Presentation Title

Single-stage Shadow Matching Localization Using GPS Pseudorange Measurements

Presenter Information

Anthony M. Brice, CSUCIFollow

Start Date

November 2016

End Date

November 2016

Location

HUB 302-105

Type of Presentation

Poster

Abstract

In urban areas where nearby buildings either block or reflect Global Positioning System (GPS) signals, localization quality is often degraded because the receiver must rely too heavily on unblocked satellites within a small slice of the sky above the receiver. Measurements from these satellites create high uncertainty in the predicted position of the GPS receiver due to the linear relationship the unblocked satellites share with each other. A traditional GPS receiver either throws out information from blocked signals or considers its noisy signals as good as the unblocked, less noisy ones. A procedure known in the literature as Shadow Matching performs a ray tracing operation between the estimated position of the GPS receiver and the known position of each GPS satellite to assign a probability of blockage based on signal strength measured by the GPS receiver. These additional measurements can be fused with typical GPS estimates and a dynamical model of receiver motion in a particle filter framework to produce an improved localization estimate.
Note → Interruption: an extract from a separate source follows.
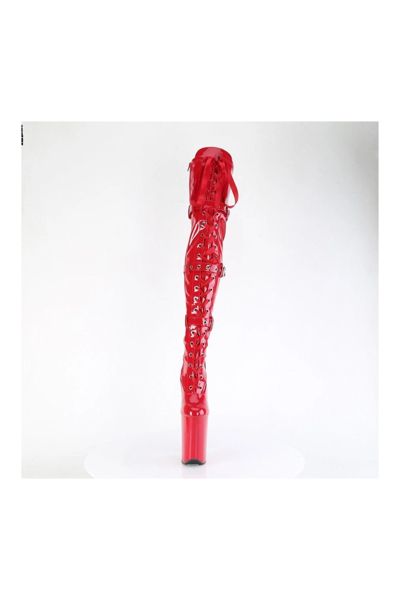 9″ Heel, 5 1/4″ Platform Buckled Lace Up Thigh Boot, Side Zipper
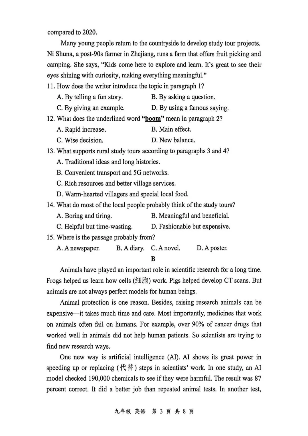 持续更新!2026年成都初三二诊各区试卷及参考答案,免费下载

In previous iterations of these shadow matching particle filters, some of the inputs to the particle filter were themselves outputs of a previous filter stage. A common problem with cascade filters is correlations in inputs to the later stage filter result in biased output estimates. We present a method of improving the above approach by performing all filtering operations in a single stage thus alleviating the output bias. In order to evaluate the effectiveness of this new approach we first needed to design a testbed that enabled gathering all the relevant measurements. We wrote software to allow an off-the-shelf microcontroller equipped with a GPS receiver to collect, parse, and log to a database standard GPS messages. We then designed and implemented additional software to take the collected data to prototype the particle filter presented herein.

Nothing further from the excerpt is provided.